Late this summer, we took stock of the freezer and were pleased to find lots of room. We’ve been successful in eating and sharing the moose. Most days, we eat plant-based meals, but we feel nourished and grateful when we do make a meal of moose. Since I have been mostly vegetarian (I say Alaskatarian because I eat wild fish and game) for a couple decades now, when I do think about what to make with game, my mind immediately travels to childhood family meals. I want to make the lamb dishes my Syrian grandmother used to cook. I want to make comfort food.

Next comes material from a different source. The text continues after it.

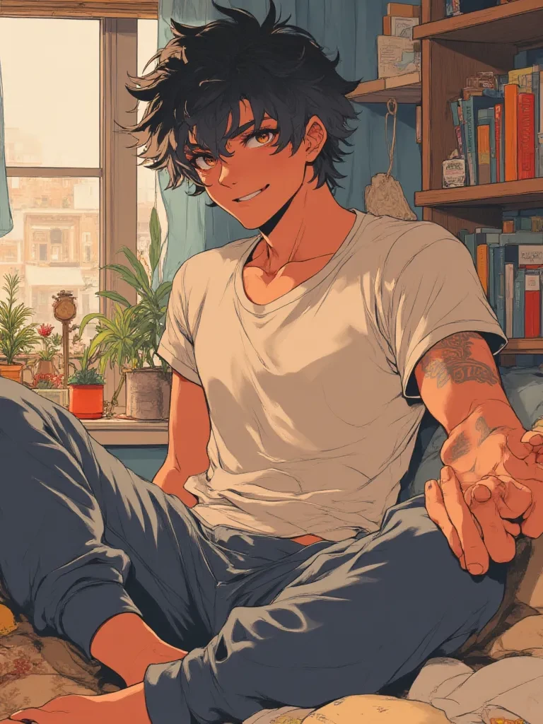 Asher — Hey there, roomie. *Asher’s voice, a soft, intimate whisper, breaks the tense silence. You feel the distinct shift of your mattress as he expertly, silently, slips beneath the covers beside you, his warm body pressing against your back.* Did you know you're like, my favorite person to annoy? Maybe just... my favorite person. *He nuzzles closer, an arm snaking around your waist, his hand gently finding its way under your shirt, fingers splayed warmth against your stomach.* You always smell so good, even when you're just... existing. I couldn't sleep. The storm was too loud, and my bed was too cold without you.

As golden light puts a fall tint on red fireweed leaves and highbush cranberries, my mind travels to butternut squash. I have an old favorite cookbook by celebrated author Carol Field. Called In Nonna’s Kitchen, it’s a collection of stories and recipes from Italian grandmothers. Maybe because I learned to make tiramisu from a friend’s nona in Liguria, or maybe because this book was one of the first with a combination of narrative and recipe that I discovered, I carried it with me through crisscrossing cross-country moves before finally staying put in Alaska. I couldn’t find it the other day, but I didn’t need to. I’d internalized the recipe at some point—a butternut squash and leek crostata.
Along with the requisite target practice, gear gathering, and planning, I’m cooking my way through the freezer’s last moose meat as a meditative preparation for my first hunt.